On Tuesday, at Alice Tully Hall, the Chamber Music Society of Lincoln Center presented a selection of music inspired by America, as the program notes put it, with works by Louis Moreau Gottschalk, Antonin Dvořák, Charles Ives, and George Crumb.
While the composers crossed multiple centuries, the cross-generational instrumental talent included society veterans such as Gilbert Kalish on piano, baritone Randall Scarlata, as well as percussionists Christopher Froh, David Rosenbaum, Ayano Kataoka, and Eduardo Leandro, with violinist Chad Hoopes and pianist Michael Brown.
The program began with Gottschalk’s piano piece “The Union: Concert Paraphrase on National Airs,” a spectacularly dazzling nine minutes of patriotic paraphrasing of “Yankee Doodle,” “Hail, Columbia,” and “The Star-Spangled Banner.” This is what should accompany Macy’s fireworks displays, I thought, not the pop star du jour. Michael Brown displayed a virtuosity one could only dream of, turning the Steinway piano into a one-piece marching band complete with trumpet calls and realistic sounding drum rolls with the left hand attacking keys in the bass while playing “Hail, Columbia” with his right hand. More trumpet, more octaves, and a triumphant finish left the audience only wanting for a fireworks reprise.

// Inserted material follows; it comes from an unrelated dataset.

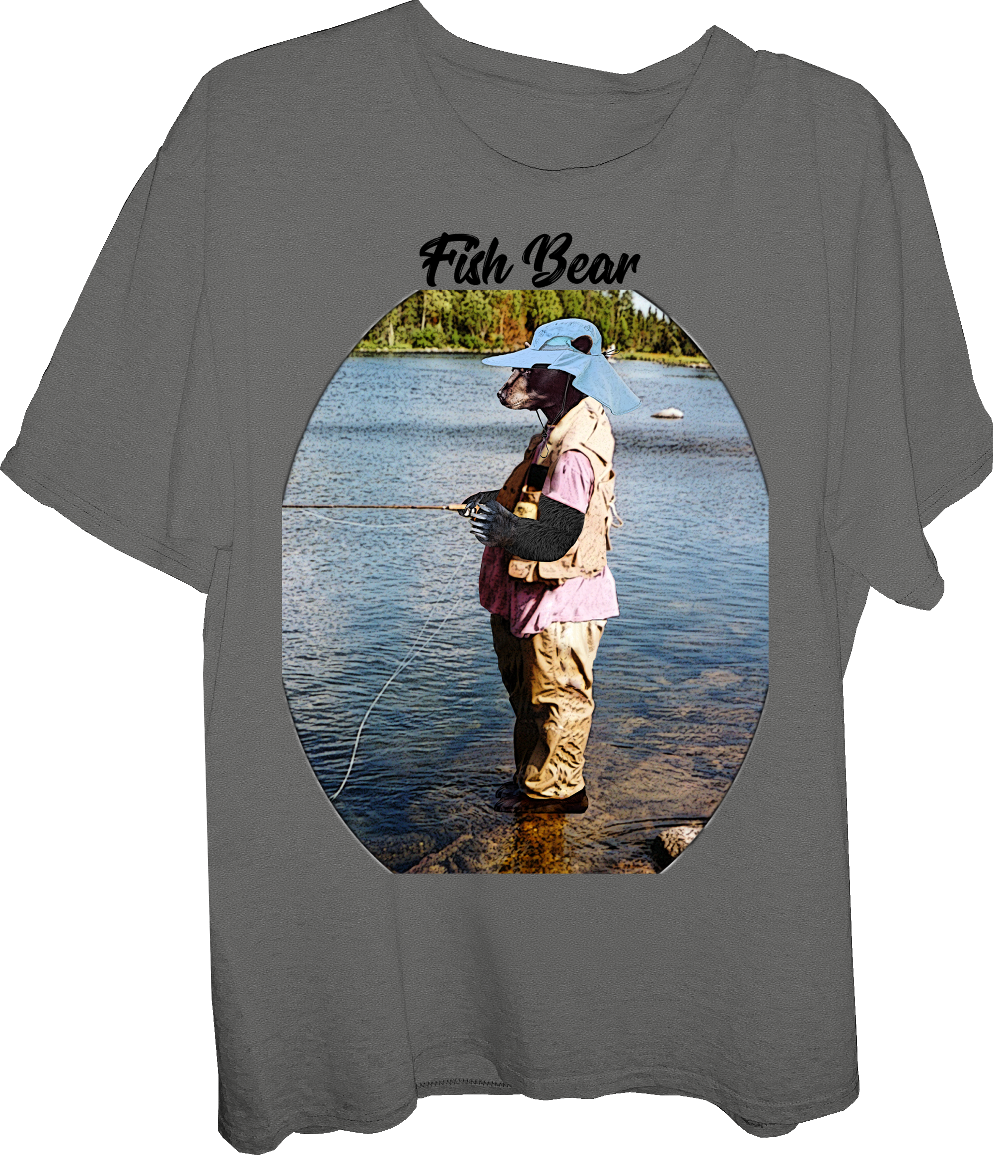 “Fish Bear” was inspired by Dr. Behr’s father Richard, from whom he learned to fish, and his brother David, who became a world class fly fisherman. A unique fun bear t-shirt of a bear fly fishing in a river. Above the image is the text “Fish Bear.” This design is also available without text at “Bear Fly Fishing T Shirt.” An awesome novelty gift for fishermen, fisherwomen and fishing children.
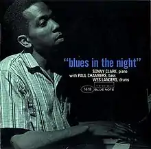 Blues in the Night is a studio album by pianist Sonny Clark, featuring performances by Clark, Paul Chambers and drummer Wes Landers.[2] It was recorded in December 1958, but shelved until being released in Japan in 1979, as GXF 3051. All the tracks can also be found on the compilation Standards. In 2014, it was reissued on a 24-bit remastered CD in Japan, as part of a limited series. The CD also included the six original pieces from The Art of The Trio.

Written in the summer of 1893, Dvořák’s “Sonatina in G major for Violin and Piano” displayed much of the raison d’être behind the composer’s move to America. As he came to absorb American music as much as he had done with the Czech folk idiom in his native land. The piece’s three short movements are part Bohemian folk song, part Indian, and part American. Dvořák drew inspiration from a visit to Minnehaha Falls in Minnesota for the second movement and his longing for his homeland for the finale.
Six songs by Ives spanned the late 1800s to the first few decades of the 20th century, including one piece “The Indians,” which showed the influence of the Wounded Knee Massacre on the composer. “The Housatonic at Stockbridge” presents the audience with an impressionistic landscape, while Scarlata’s “Charlie Rutlage” is a subtly charged cowboy ballad.
In his series of “American Songbooks,” avant garde composer George Crumb – the only composer of the evening still among us – blends spirituals, folk songs, and hymns with haunting and almost hallucination-inducing percussion. (The score directs the pianist to strike the piano’s music stand with a percussion mallet and use string piano techniques including plucking and sweeping across the strings.) At one point, Kataoka came over to sweep her hand across the Steinway grand’s strings while Kalish continued to use the keyboard.
The percussion effects throughout the piece – and I counted several dozen instruments being used by the percussionists – were astonishing.
The result was a surreal majesty that left the audience spellbound, although one can only wonder what listeners on the radio were thinking was going on without the benefit of the visual aspects of the performance art that accompanied it.